Il est important de souligner que cette catégorisation n'est pas basée sur des

distinctions objectives, observables dans la réalité entre les entités spatiales, mais reflète

plutôt la façon dont les entités sont classées par et dans la/les langue(s). Elle est, plus

précisément, le résultat d'une interaction complexe entre la langue et la reconnaissance

non-linguistique des ressemblances et différences entre les entités spatiales.

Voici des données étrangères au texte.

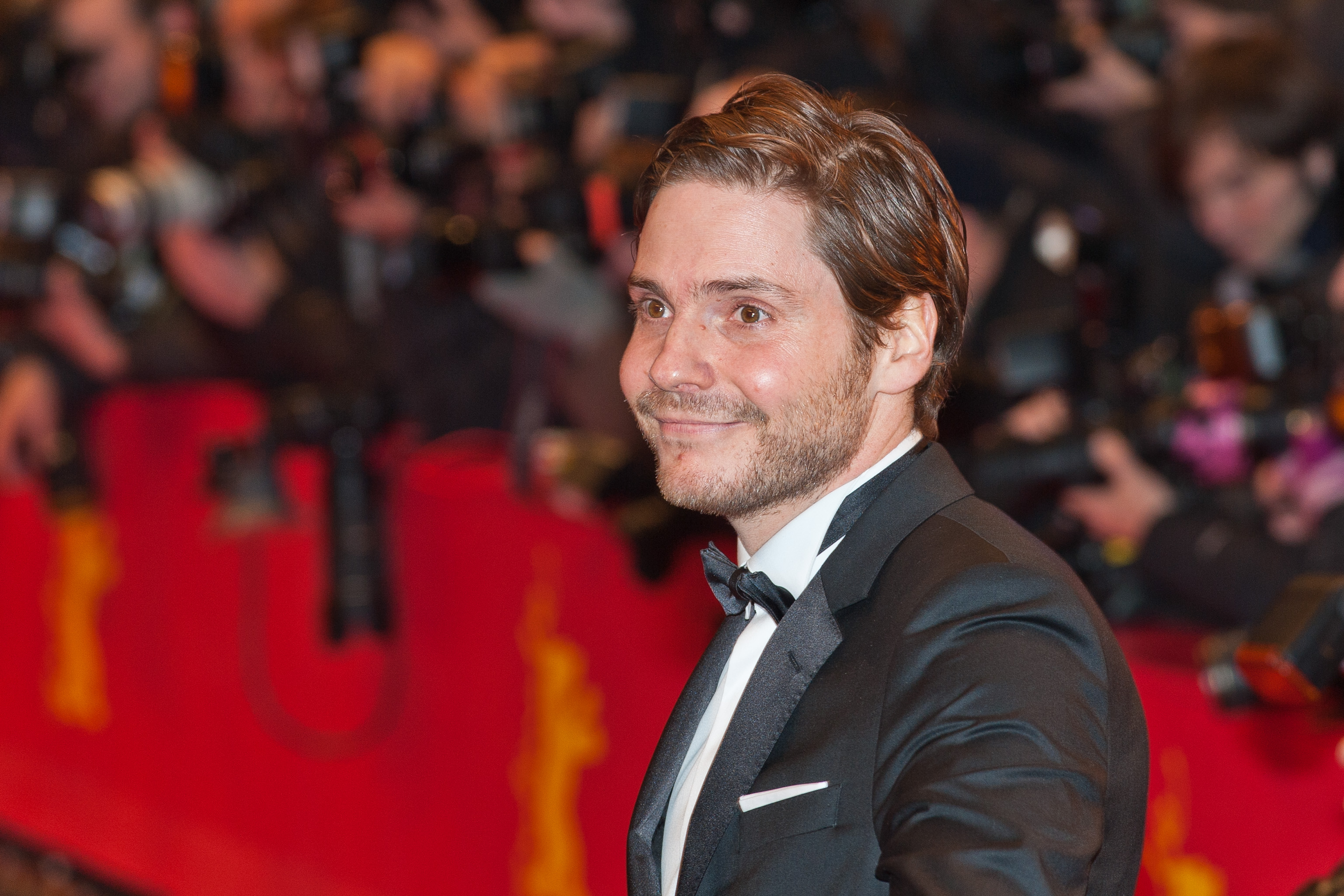 Member of the jury, German actor Daniel Brühl Opening of the 65th Berlin International Film Festival at the Berlinale Palast

La capacité des humains à adopter différents points de vue dans les descriptions

spatiales est un autre facteur très important que reflète la catégorisation des entités dans la

langue. Celle-ci nous permet, en effet, de décrire une même scène selon plusieurs perspectives

(cf. Tversky, Taylor & Mainwaring 1997 ; Tversky 1996 ; Vieu 1997). Ainsi, une même

entité, telle qu'une forêt, peut être classée comme un objet ou comme un lieu selon qu'elle est

envisagée en tant que collection d'arbres ou en tant qu'endroit où poussent des arbres. Le

changement de catégorie pour une entité spatiale peut également être dû aux phénomènes

discursifs, comme le montre L. Sarda (1999) à travers la notion de "lieu fonctionnel" :

"Une entité-objet (classification ontologique) peut très bien, dans le contexte d'un

énoncé (et via la spécification), acquérir les propriétés d'un lieu spécifié. Plus la

position d'une entité est spécifiée ou connue, plus elle est apte à remplir la fonction de

localisation. En jouant sur ces deux tableaux, les propriétés ontologiques intrinsèques

des référents spatiaux, et la possibilité de construire dans le discours un cadre de

référence pour une entité qui n'en possède pas a priori, on pourra mieux cerner ce que

nous appelons la notion de "lieu fonctionnel", c'est-à-dire, non pas une entité qui est

forcément un lieu en elle-même, mais une entité cognitive que le discours introduit

explicitement ou implicitement comme ayant les propriétés référentielles d'un lieu

spécifié" (Sarda 1999 : 111).

Il suit de ce qui précède que notre représentation des entités n'est pas établie une fois

pour toutes mais dépend de nombreux facteurs impliqués dans la description des phénomènes

spatiaux. Leur caractérisation repose à la fois sur leurs propriétés ontologiques et sur les

informations fournies par la langue. Nous continuerons en observant comment la préposition

par interagit avec les noms désignant les différentes catégories d'entités spatiales.